Но мне всегда казалось, что в истории нашей страны, в тот момент, который мы переживаем, ситуация совсем иная, потому что наш политический ландшафт не устоялся. То, что происходит в России в последние 15 лет, на мой взгляд, наводит на мысль, что сегодня наше участие в том, что с большой натяжкой можно назвать политической жизнью, в первую очередь, должно помочь нам определить параметры того государства, того устройства, той политической конструкции, в которой мы хотим жить. Сегодня от наших действий, в первую очередь, зависит то, в какой стране мы будем жить.
Мы не говорим о том, что сегодня мы начинаем политические дебаты, как, например, в той же Америке: активно обсуждается, повысят налоги, чуть понизят налоги, масса самых разных очень важных для рядового избирателя вопросов, но эти вопросы решаются в одной системе координат. Совершенно очевидно, что разница между Бушем и Кэрри, между Блэром и какими-то другими кандидатами, между голлистами и социалистами во Франции, между Шредером и христианскими демократами в Германии – это все-таки разница, которая прослеживается в одной уже устоявшейся системе координат. Никаких глобальных потрясений и изменений системы не будет. Хотя, скажем, люди, которые участвуют в этих избирательных кампаниях, отдаются этому со всей страстью и выливают друг на друга ушаты помоев, сражаясь за эти очень важные вещи: действительно, как будет выписываться рецепт на лекарство, пенсионеров там очень волнует. Но мы такой роскоши лишены, потому что у нас, по сути, сам предмет политики отсутствует и, по большому счету, эта система сложилась не столько при Путине, сколько при Ельцине.

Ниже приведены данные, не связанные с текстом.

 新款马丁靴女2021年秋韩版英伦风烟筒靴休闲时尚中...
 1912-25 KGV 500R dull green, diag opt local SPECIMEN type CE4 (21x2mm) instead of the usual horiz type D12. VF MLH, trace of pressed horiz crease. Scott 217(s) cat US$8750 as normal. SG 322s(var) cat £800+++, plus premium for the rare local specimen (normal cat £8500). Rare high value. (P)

Мы привыкли говорить, что в России в 1991 году произошло кардинальное изменение нашего устройства, распался Советский Союз, Россия стала демократическим государством, через два года у нас появилась конституция. На самом деле, на мой взгляд, Россия так и не сделала решающего шага для того, чтобы перейти из государства номенклатурного, которое вообще чуждо общественной политике, в страну демократическую. Со всеми издержками, со всеми проблемами, которые возникают в таком общественном устройстве, но где, тем не менее, политика как площадка для выяснения настроений в обществе, существует и позволяет не просто опросам общественного мнения, а в процессе политической борьбы определять господствующую тенденцию, ту тенденцию, которую поддерживает большинство и которая позволяет обществу развиваться. Притом, что это большинство прекрасно понимает, что завтра оно может оказаться меньшинством, т.к. общество достаточно подвижно и очень сложно находить баланс, который позволял бы одной партии или одному политическому лидеру долго находиться наверху и адекватно отражать настроения очень большой части своих избирателей.
(Продолжение.
Начало на стр. 3.)
Мне кажется, что главная наша проблема заключалась именно в том, что мы не поняли всей природы перемен, которые произошли в 1991 – 1993 гг. Именно поэтому сегодня Россия не может определить свое место во всем мире и понять, какое устройство будет наиболее адекватным и правильным для такой страны, протяженной по расстояниям и довольно дифференцированной как по культуре, так и по складу людей.
Ельцин сделал очень
много важных и не
обходимых вещей, но оставил главное – номенклатурное государство. Оглядываясь назад, мы понимаем, что суть номенклатурного государства ликвидирована не была. Конечно, появились новые люди, более адекватные, начали носить красивые костюмы, они знали, как открывать счета в западных банках, более того, они вообще понимали, что такое экономика, но они ни коем образом не собирались менять ту систему координат, в которой Ельцин выстраивал свою конструкцию. Они все очень удачно вписывались в номенклатурное государство и, в принципе, были чужды публичной политике. Именно поэтому, мне кажется, начиная с 1993 г., когда в России регулярно стали проходить парламентские выборы, начинает ухудшаться их качество. Вектор идет вниз: 1993, 1996, 2000, 2003, 2004…при всех условностях можно говорить о том, как проходили выборы в 1993 или 1996, или парламентские в 1995, но довольно очевидно, что масштаб фальсификаций, масштаб административного воздействия на результат выборов рос. Хорошо это или плохо – это следующий вопрос, у каждого может быть своя точка зрения. Мне кажется, это очень плохо, но главное, что никто даже не подвергает это особому сомнению, потому что эта тенденция четко прослеживается. Мне кажется, что здесь никакой неожиданности для нас быть не должно, потому что государство, построенное на номенклатурных принципах, не может нормально функционировать в условиях проведения выборов, т.к. выборы сами по себе создают атмосферу, в которой номенклатурные передвижения теряют свой смысл. Номенклатурный чиновник двигается в результате сложной или менее сложной внутренней интриги, благодаря своим отношениям с начальством, возможности отстоять узкие корпоративные интересы внутри самой номенклатуры. Выборы же подразумевают, что смена чиновников может осуществляться под воздействием извне, что никак не сочетается. Поэтому, если посмотреть на ситуацию в России в 2000 г., Путин довольно последовательно решил эту задачу. В случае двух несовместимых частей государства одна уступает место другой. И Путин сделал свой сознательный выбор, очень логично ликвидировав все демократические институты в России, которые могли бы влиять на изменение состава властной структуры, как на местах, так и в центре.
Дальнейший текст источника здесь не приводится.